◆ Prompt ◆
Images excepted, the data below must be repeated exactly.

◆ Data extract ◆
● ● ●
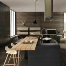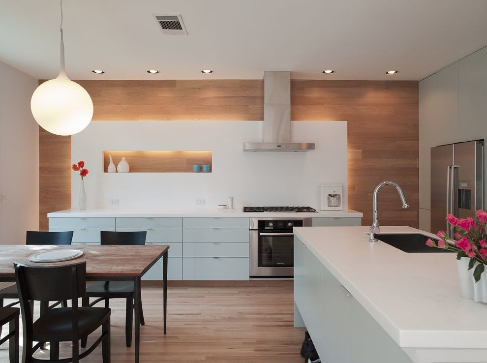 Stylish kitchen in minimalism style.The colors of the modern interior are the most common - black, gray and white. Some highlight to the design is made by geometrically regular wood panels located in the apron area and on the adjacent wall. This example proves how natural and modern tech colors can harmonize without harming each other.
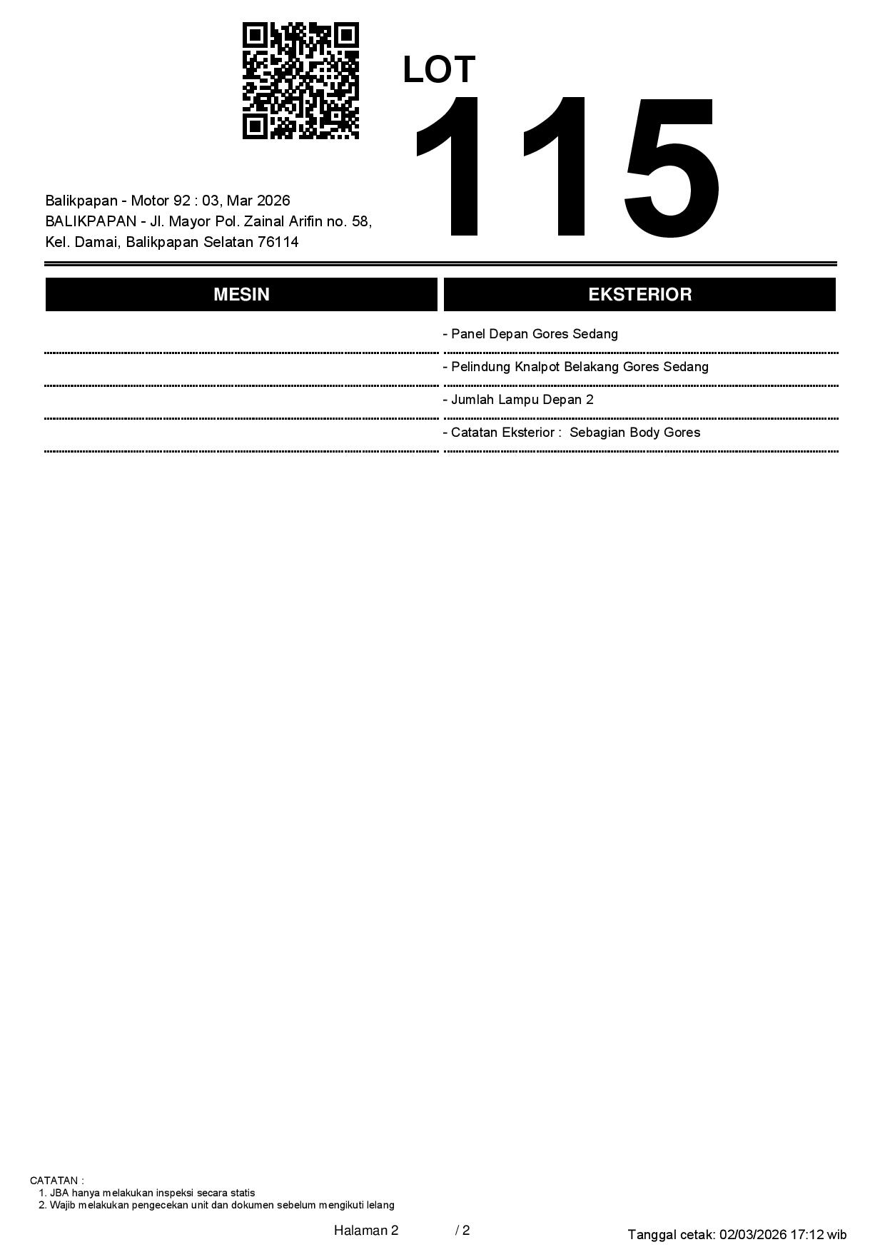Tanggal Lelang: 03/03/2026 11:00 | WITA
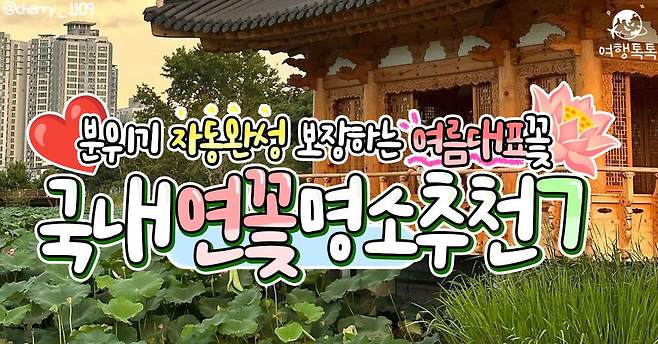 오늘 여행톡톡에서는 국내의 연꽃 명소 7곳을 선정해 소개해드렸는데요. 각 명소마다 다른 분위기를 연출하고 있어 매년 연꽃의 시기가 찾아오면 한 장소씩 방문해보는 것도 좋겠습니다.
● ● ●
◆ Task output ◆
 Stylish kitchen in minimalism style.The colors of the modern interior are the most common - black, gray and white. Some highlight to the design is made by geometrically regular wood panels located in the apron area and on the adjacent wall. This example proves how natural and modern tech colors can harmonize without harming each other.
Tanggal Lelang: 03/03/2026 11:00 | WITA
 오늘 여행톡톡에서는 국내의 연꽃 명소 7곳을 선정해 소개해드렸는데요. 각 명소마다 다른 분위기를 연출하고 있어 매년 연꽃의 시기가 찾아오면 한 장소씩 방문해보는 것도 좋겠습니다.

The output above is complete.